SC: What would life look like under a partnership system?
RE: It looks very different. The first thing we would see is far, far more investment in caring for people starting in early childhood. That is really essential, along with sound family planning. Notice that the Nordic nations have invested in this. That’s one of the reasons that although they were very poor at the start of the century, today they’re very prosperous. It has to go along with family planning, and that in turn goes along with raising the status of women with more equality. Women in the Nordic world are about forty percent of the national legislature.
It’s a society where women and men share more. So both women and men are more able to realize their full potentials in both the household economy and the market economy, but there’s much more investment in the front end rather than the back end.
SC: How would this affect our relationship with nature?
RE: Completely. Today, the thinking is that we can mess up nature and somebody is going to come and pick up the pieces. It’s ridiculous. Remember, we now have economic thinking that is full spectrum, that includes the natural economy, the household economy and the volunteer economy and they’re all included in measures of what is productive.
SC: You mentioned that legislating changes in the nature of corporations could possibly offset a lot of the damage that’s being done.
RE: Absolutely. The corporation doesn’t have to be irresponsible and uncaring if we have the right rules. The argument is that we can’t regulate because it will inhibit innovation. Look at these “innovative” credit swaps, not to mention outright stealing, very “innovatively.” It doesn’t work that way. You either have caring values, and then innovation becomes creativity, and beneficial and exciting or you have uncaring values. As long as caring and caregiving are devalued, it’s not realistic to expect more caring policies and practices. We’re talking about systems dynamics, about connecting the dots, and that’s what my work’s about.
SC: What can we as individuals do?
RE: The first thing is changing consciousness. If we begin to understand some of what we’ve been talking about, we can act on it. One of the main devices for doing this is changing the conversation, not only the internal conversation, but the conversation we have about economics with our friends, with our colleagues, with our policy makers. Start talking about caring economics, about the real wealth of nations being the contributions of people and our natural environment. Therefore we need what we haven’t had, investment in caring for people starting in early childhood and caring for nature. This is more effective.
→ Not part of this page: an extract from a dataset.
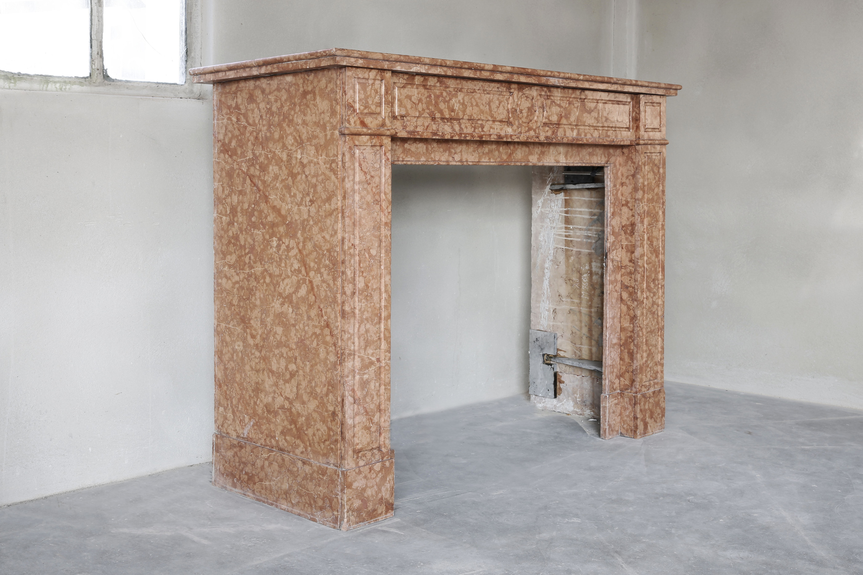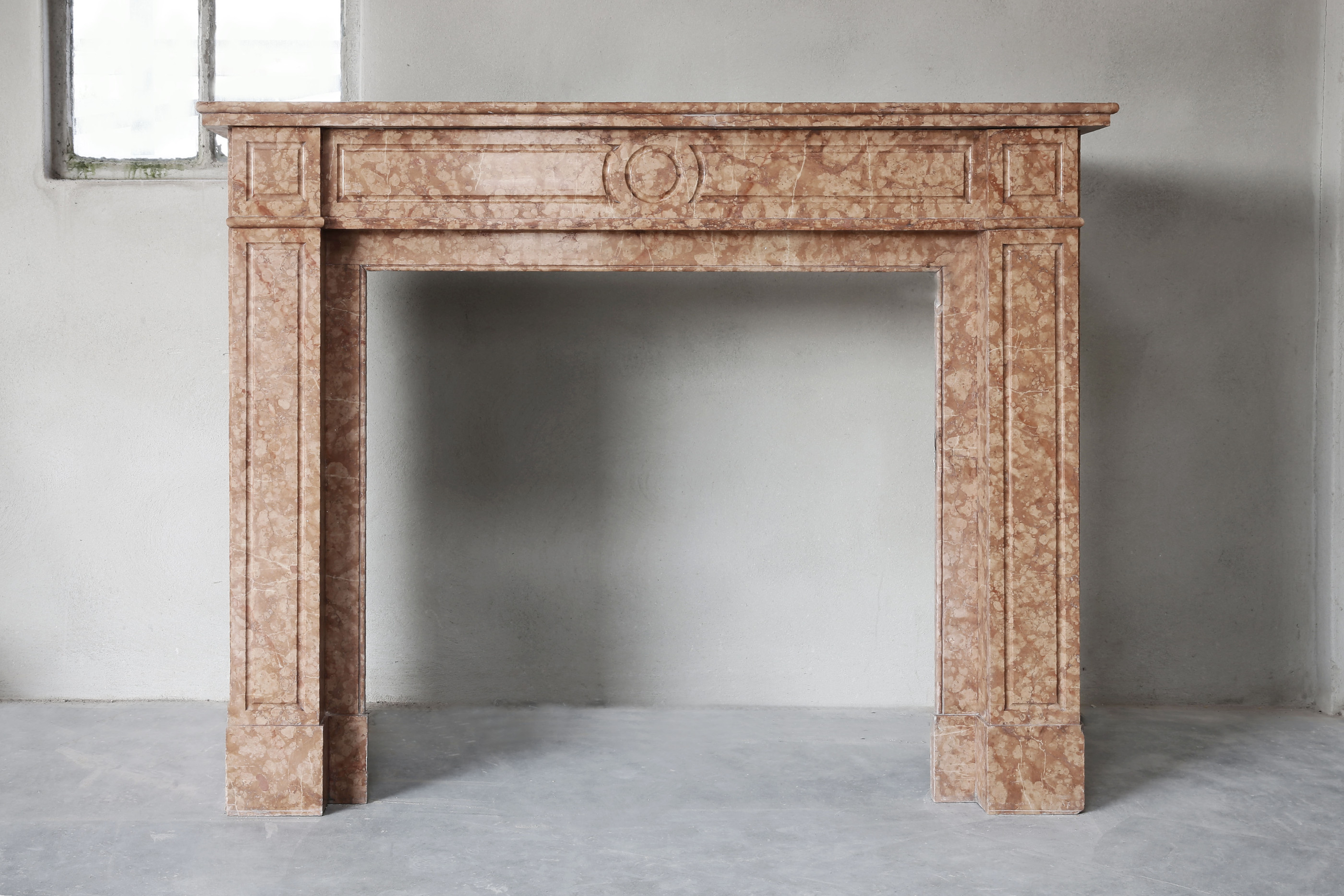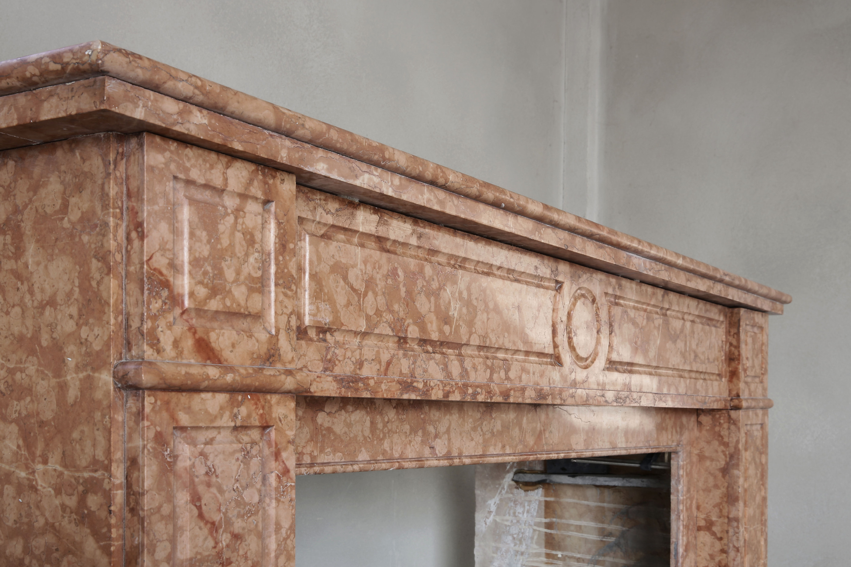 Mooie warme antieke marmeren schouw van de marmersoort Rouge de Verrona. Deze marmersoort komt uit Italië en heeft een oranje/bruine kleurstelling. De schouw stamt uit de 19e eeuw en uit de tijd van Louis XVI. De antieke schouw heeft mooie belijningen en is voorzien van een ornament in het midden van het frontgedeelte.

Lobby for better childcare. Talk to your PTA people and see how they can really influence the government to change its priorities so that they don’t cut the important things. Also, state grants are really needed right now from the federal government out of this job creation program to raise the pay of childcare workers, to educate people for elder care. One of the first acts of the new President of Chile, Michelle Bachelet, when she took office was stipends and training for poor caregivers. It can all be done.
You asked me what it would look like. It looks healthy, it looks fulfilled, it looks meaningful, it looks exciting, it looks creative. It looks adventurous in the sense of exploring new horizons for us as human beings and actualizing our enormous capacities for caring, for creativity and for consciousness.